The scope of this article is to design a data management system capable of handling massive data generated by fish farming systems. The reason behind this architecture proposal is to initiate a data-driven strategy for the fish farming domain. Our inspiration comes from the fact that data driven strategies have become a key element for field development such as banking, insurance and healthcare. Furthermore, big data techniques are not widely treated yet in fish farming despite their benefits as they proved a significant potential in other domains [11]. It has to be noted that our proposed architecture is not restricted to managing data generated by only one farm, but also data gathered from multiple farms. This strategy has the objective of building a knowledge repository for fish farmers on one hand and researchers on the other hand. To clarify, the proposed architecture will allow performing advanced analytics on massive and rich data repositories through a dedicated platform, which is not possible with traditional data management systems. Therefore, extracting valuable information and benefiting from predictions and revealed hidden patterns.
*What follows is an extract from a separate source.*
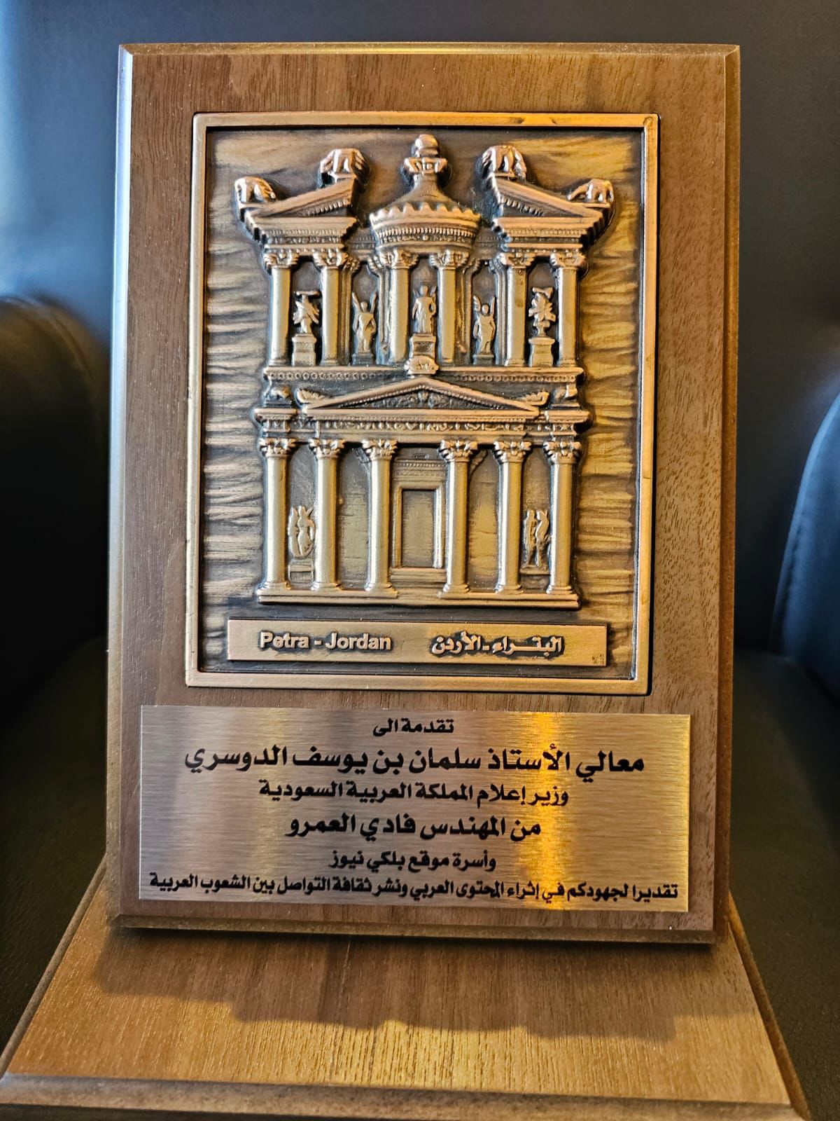 قدمت بلكي نيوز درع تذكاري لوزير الإعلام السعودي سلمان بن يوسف الدوسري خلال مأدبة غداء اقامها وزير الاتصال الحكومي الدكتور مهند مبيضين على شرفه والوفد المرافق له بفندق فيرمونت بحضور رئيس مجلس النواب احمد الصفدي وعدد من أصحاب المعالي والسعادة والعطوفة .

This article is organized into seven major sections. After the introduction, the second section contains the overview of fish farming and its main challenges. The third section presents the data driven strategy as well as the existing data handling systems. The fourth section describes the different data sources in the fish farming system and the characteristics of big data. In the fifth section, we present the value chain of the data-driven fish farming strategy. In the sixth section, we propose a dedicated data lake end-to-end functional architecture. The seventh section contains a conclusion and future work.

2. Overview of Fish Farming Domain and Its Main Challenges

2.1 Fish farming overview

The global appetite for fish and fishery products shows no signs of slowing down. The fisheries and aquaculture have an important and growing role in food, nutrition and employment. According to the Food and Agriculture Organization of the United Nations (FAO), the global fishing and aquaculture industry has grown significantly over the past decades and total production, trade and consumption reached an all-time high in 2018 of 179 million ton with 58.8 million tons in China only. Aquaculture, inland waters and marine waters, have reached 115 million tons. In 2018, inland aquaculture produced 51.3 million tons of seafood, accounting for 62.5% of the total global production of farmed fish for human consumption. These are aquaculture produced from natural inland water sources, such as rivers, lakes, and fish farms [12].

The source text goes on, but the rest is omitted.